▸ Dataset section
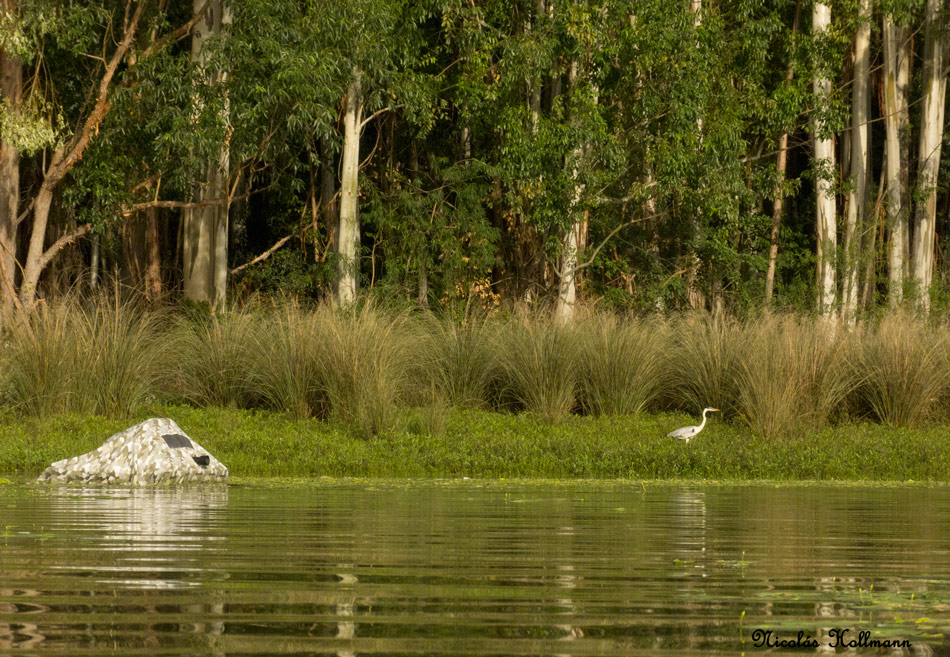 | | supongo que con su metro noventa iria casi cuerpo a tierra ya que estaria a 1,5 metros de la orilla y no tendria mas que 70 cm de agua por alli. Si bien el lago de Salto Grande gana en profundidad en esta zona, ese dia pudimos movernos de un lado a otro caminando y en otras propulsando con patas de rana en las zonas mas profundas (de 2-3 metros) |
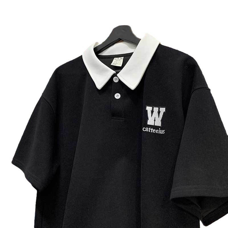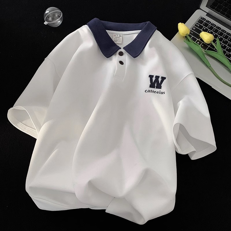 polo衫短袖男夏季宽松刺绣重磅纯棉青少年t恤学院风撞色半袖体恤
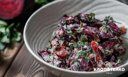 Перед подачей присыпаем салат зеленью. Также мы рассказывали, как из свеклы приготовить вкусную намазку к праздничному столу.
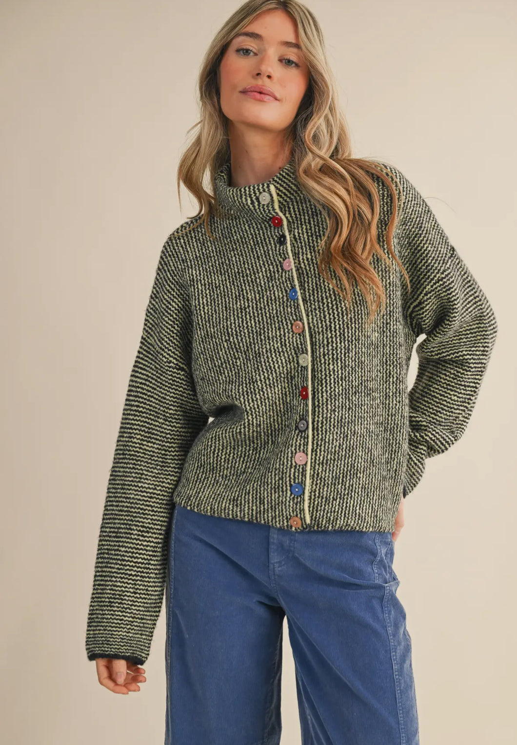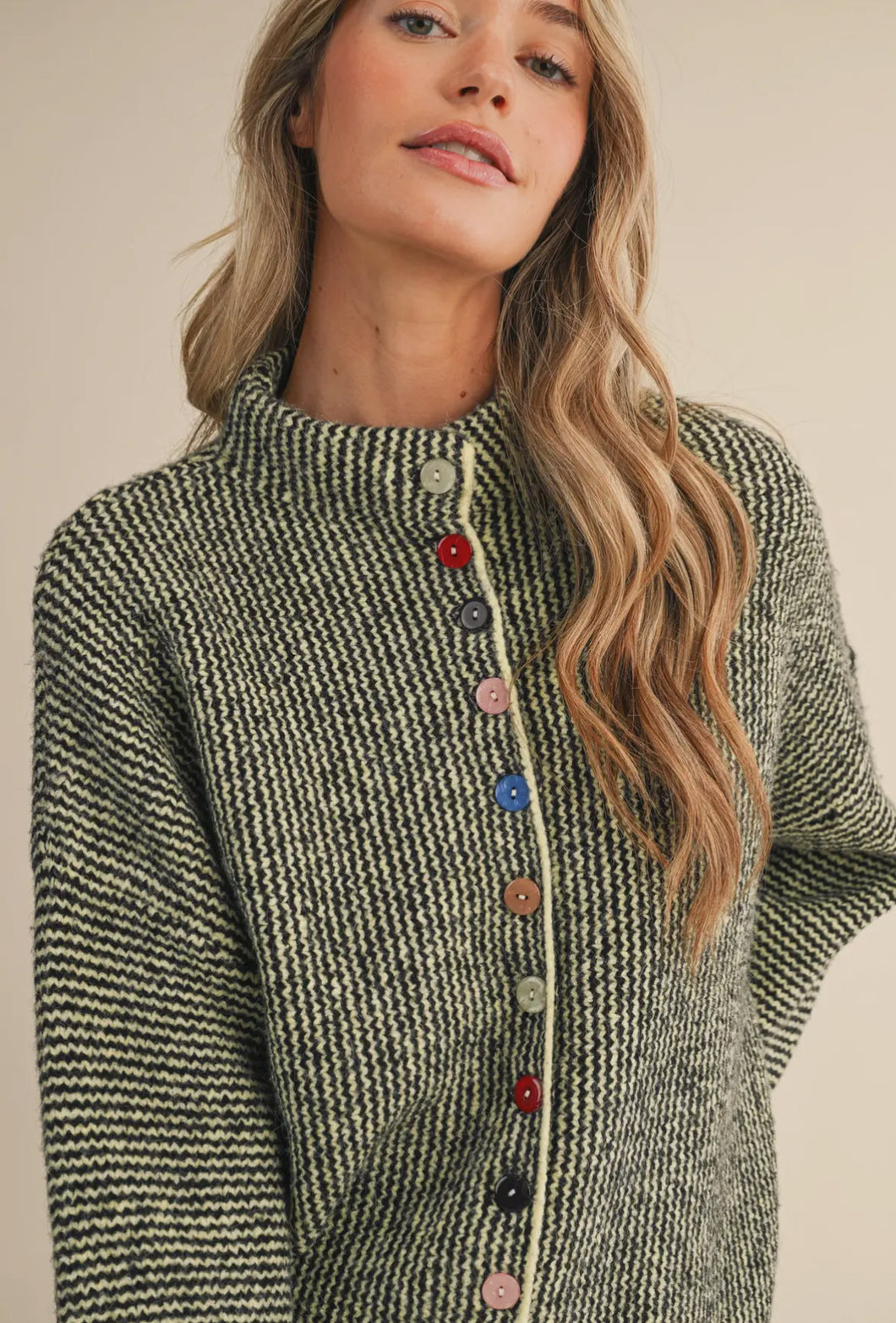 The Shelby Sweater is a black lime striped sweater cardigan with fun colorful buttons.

▸ Requirement
Please transcribe the listing above verbatim and exclude every picture.

▸ Task solution
 | | supongo que con su metro noventa iria casi cuerpo a tierra ya que estaria a 1,5 metros de la orilla y no tendria mas que 70 cm de agua por alli. Si bien el lago de Salto Grande gana en profundidad en esta zona, ese dia pudimos movernos de un lado a otro caminando y en otras propulsando con patas de rana en las zonas mas profundas (de 2-3 metros) |
 polo衫短袖男夏季宽松刺绣重磅纯棉青少年t恤学院风撞色半袖体恤
 Перед подачей присыпаем салат зеленью. Также мы рассказывали, как из свеклы приготовить вкусную намазку к праздничному столу.
 The Shelby Sweater is a black lime striped sweater cardigan with fun colorful buttons.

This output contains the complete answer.